George Howes

Personal information
- Full name: George Albert Howes
- Date of birth: 5 January 1906
- Place of birth: Jarrow, England
- Date of death: 31 July 1993 (aged 87)
- Place of death: Gosforth, England
- Height: 5 ft 10+1⁄2 in (1.79 m)
- Position(s): Right-half

Senior career*
- Years: Team / Apps / (Gls)
- 19xx–1928: Jarrow / ? / (?)
- 1928–1930: Barnsley / 0 / (0)
- 1930–1931: Nelson / 35 / (0)
- 1931–19xx: Tunbridge Wells Rangers / ? / (?)

= George Howes (footballer) =

English footballer

George Albert Howes (5 January 1906 – 31 July 1993) was an English professional footballer who played as a right-half.

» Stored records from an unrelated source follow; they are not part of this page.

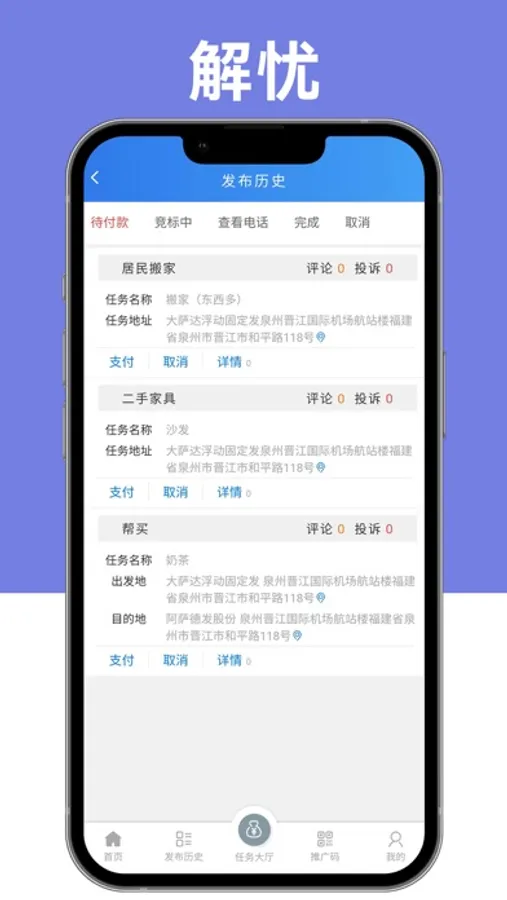 逸品铭祥传承(福建)网络科技有限公司旗下《解忧》app打造全新同城信息交互平台,每个人都可以发布任务和参与任务。
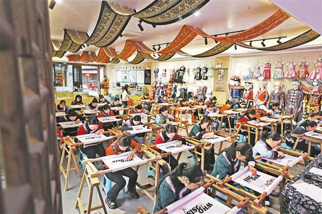 10月26日,彭水县蚩尤九黎城苗绣馆,绣娘们正在参赛。
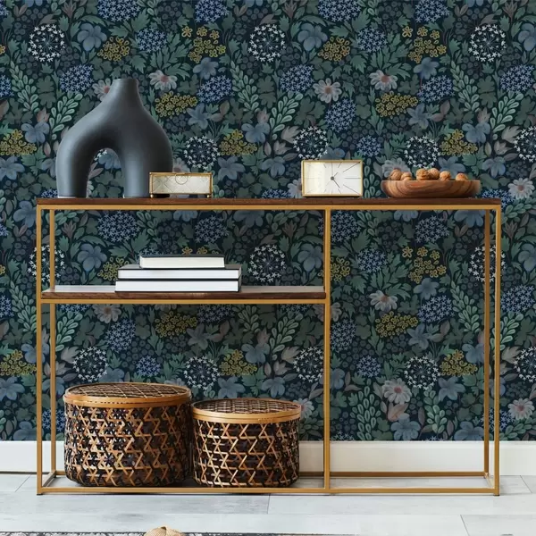 Tapety Nocny ogród z niebieskimi liliami, jagodami i dziką zielenią Nr. a00996
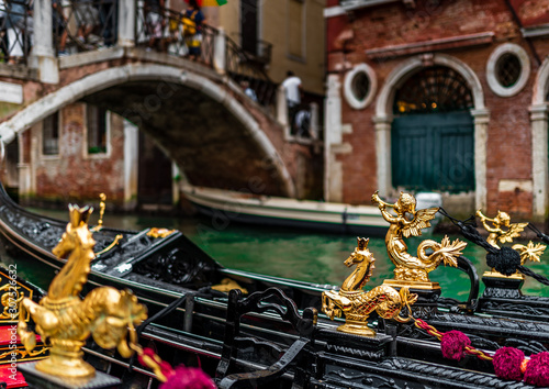 Gondola details with golden seahorse details in Venice, Italy. Traditional gondola on a popular water canal.
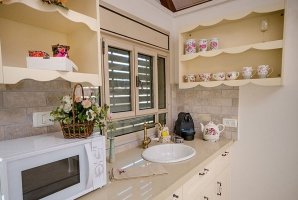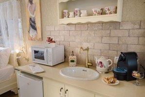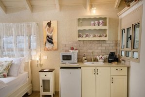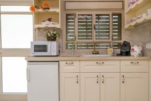 איזה אבזור קיים במטבח של פרובנס בגן?האבזור הקיים במטבח של פרובנס בגן: קומקום חשמלי, מכונת אספרסו / קפה, מקרר קטן, מיקרוגל.
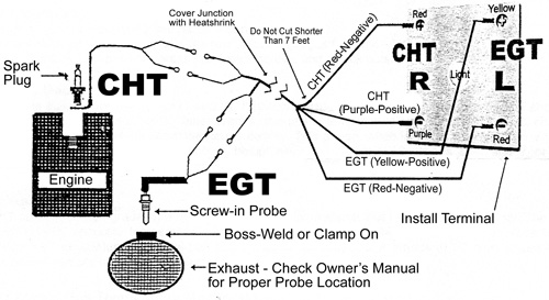 Superior to any other type of pyrometer available. This gauge is suitable for use on sport aircraft. It is constructed with a heavy duty, vibration and shock proof precision jeweled mechanism. Unlike other brands, these units are temperature compensated. That is, changes in ambient air temperature will not affect the gauge display. This gauge, when installed as instructed, will perform within 2% of accuracy. Like other Micro1000 gauges, these units come with our standard 2-year warranty. Order gauges, probes, and extension leads separately. Scaled 0-1700° F Requirements EGT Probe Options (requires one of): EP131, EP130, EP130R, EP132 or EP133 CHT Probe Options (requires one of): CP130, CP131, or CP132 Leads for the probes listed above are sold separately. EGT LEAD (requires one of either): EPE130.07 or EPE130.15 CHT LEAD (requires one of either): CPE130.07 or CPE130.15 Click here for more info on Micro-1000 Probes Gauge Installation The gauge should be mounted in the panel. Round gauges from the front are secured with a U-clamp in the rear. Square gauges from the rear are secured by four provided brass instrument screws and nylock nuts. Connections to Gauge You must use the Micro-1000 extension lead. This is the thermocouple lead and cannot be substituted with normal electrical wire. Fifteen foot extension can be shortened down to a minimum of 7 feet. Seven foot leads may not be shortened. If you have excess leads then bundle and secure them with cable ties or other save method. Wire the backlight if desired or leave unconnected. Connect the probe leads to the instrument as shown in the illustration below. Connect the extension lead to the probe leads matching to the corresponding colors. Red to red, purple to purple, and yellow to yellow. EGT leads connect the "L" terminals on the gauge. Yellow wire goes to the + positive terminal and red lead connects to the - negative terminal. CHT leads connect to the "R" terminals on the gauge. The red lead connects to the positive terminal and the purple lead connects to the - negative terminal. |
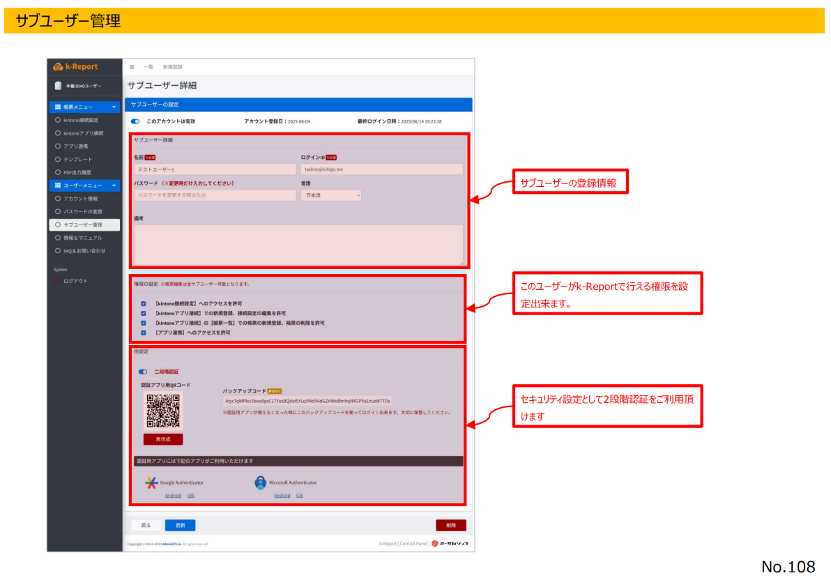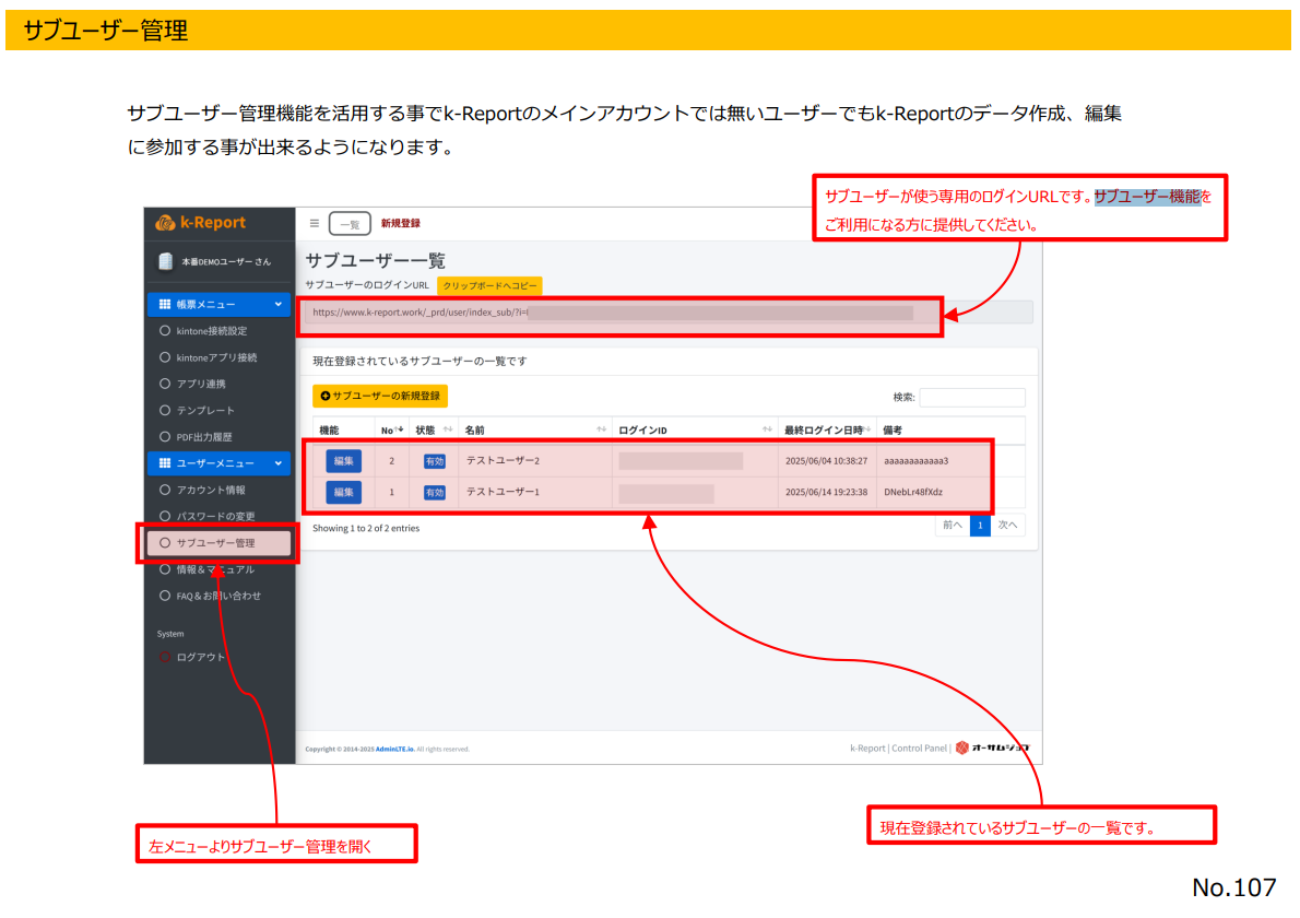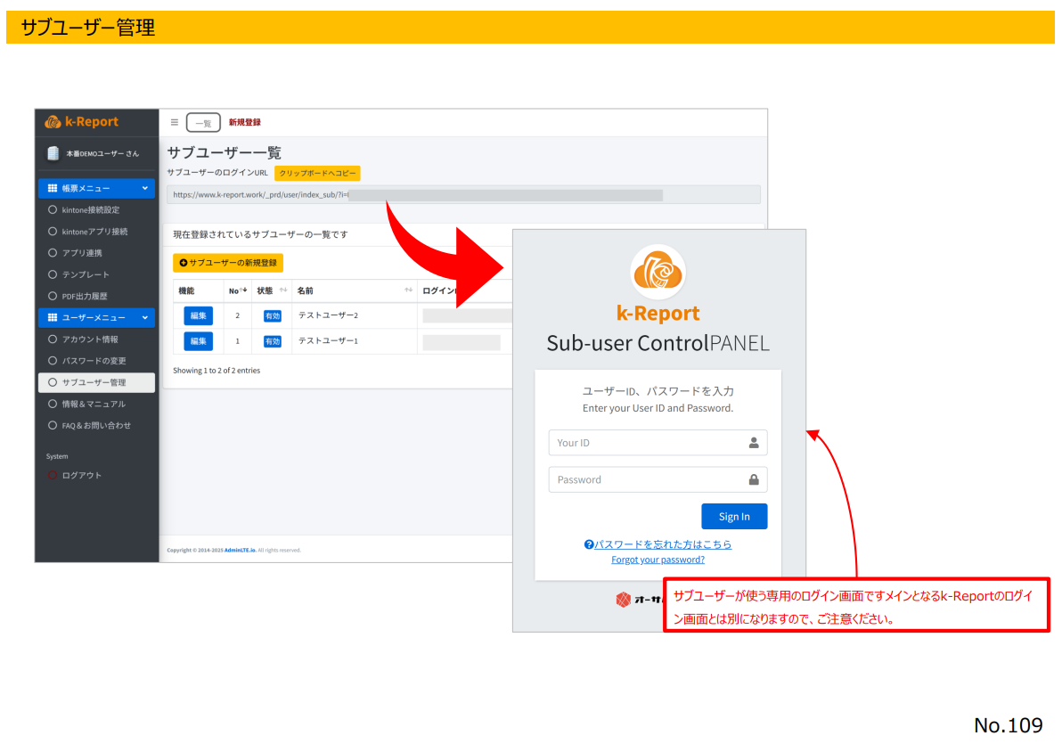 k-Reportではメインアカウントに紐づいたサブユーザーの作成が可能となっております。 サブユーザーは一部機能の利用やアクセスは制限されますが、メインアカウントのログインID(メールアドレス)とは別のログインIDを設定可能となっております。 サブユーザーは追加費用無しで全てのユーザー様が利用可能な機能となります。
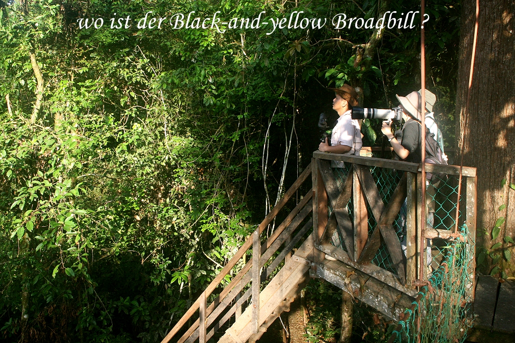 Der letzte Tag in Danum Valley war angebrochen. Diesmal standen wir um 6:00 Uhr auf und trafen uns vor dem Frühstück um 6:30 Uhr zu einem Morgenspaziergang Richtung Canopy-Walk. Das Wetter war gut und um 7:00 Uhr erreichten wir die Abzweigung. Wir wünschten uns sehr, den Black-and-Yellow Broadbill noch mal zu sehen, den Tomoko vorgestern verpasst hatte. Sie war sehr tapfer und schaffte es trotz ihrer Höhenangst, die erste schwankende, an Drahtseilen die Schlucht überspannende, Brücke bis zur ersten Plattform zu überqueren. |
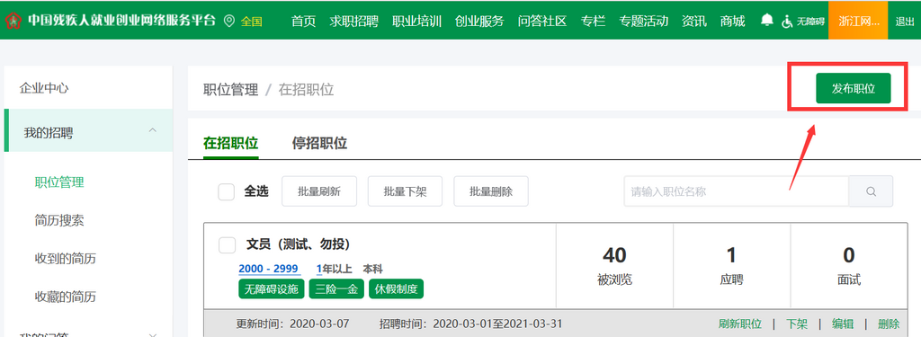 第二步:发布招聘会岗位或维护招聘岗位信息
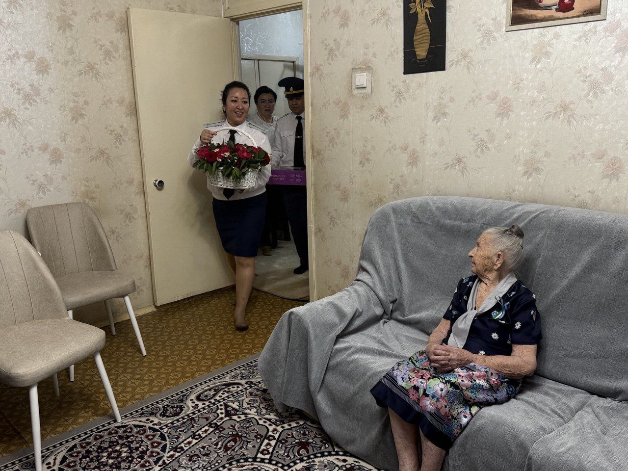 Shunday ezgu tashabbuslardan biri sifatida “Buyuk Turon” MFYda istiqomat qilayotgan, 2-jahon urushi qatnashchisi, 102 yoshga kirgan Murina Vera Vasilyevnaning xonadoniga hurmat bilan tashrif buyurildi.
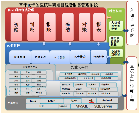 九重云公司基于9clouds平臺,提供具備先進(jìn)的B/S架構和java技術(shù)來(lái)搭建基于IC卡的醫院科研項目經(jīng)費財務(wù)管理系統,支持Windows平臺+Oracle數據庫。IC卡醫院科研項目經(jīng)費管理系統架構如下

Born in Jarrow, County Durham, he began his footballing career with his hometown club before joining Football League Second Division side Barnsley in the summer of 1928. He spent two seasons with the Yorkshire-based club but did not make a senior appearance for them.

In May 1930, Howes moved to Third Division North outfit Nelson on a free transfer. He made his professional debut on 30 August 1930 in the 4–5 defeat to Rochdale at Spotland Stadium. He appeared in three of the first five matches of the 1930–31 season, but then spent five weeks out of the team. Howes returned to Nelson's starting line-up for the 2–4 loss away at Crewe Alexandra on 18 October 1930. He retained his place in the side for the remainder of the season, as Nelson finished bottom of the division and failed in their application for re-election to the Football League. Howes played his 35th and final match for the club in the 0–4 defeat to Hull City on 2 May 1931, Nelson's last League fixture.

Howes subsequently signed for Tunbridge Wells Rangers, his last senior club. He died in Gosforth on 31 July 1931, at the age of 87.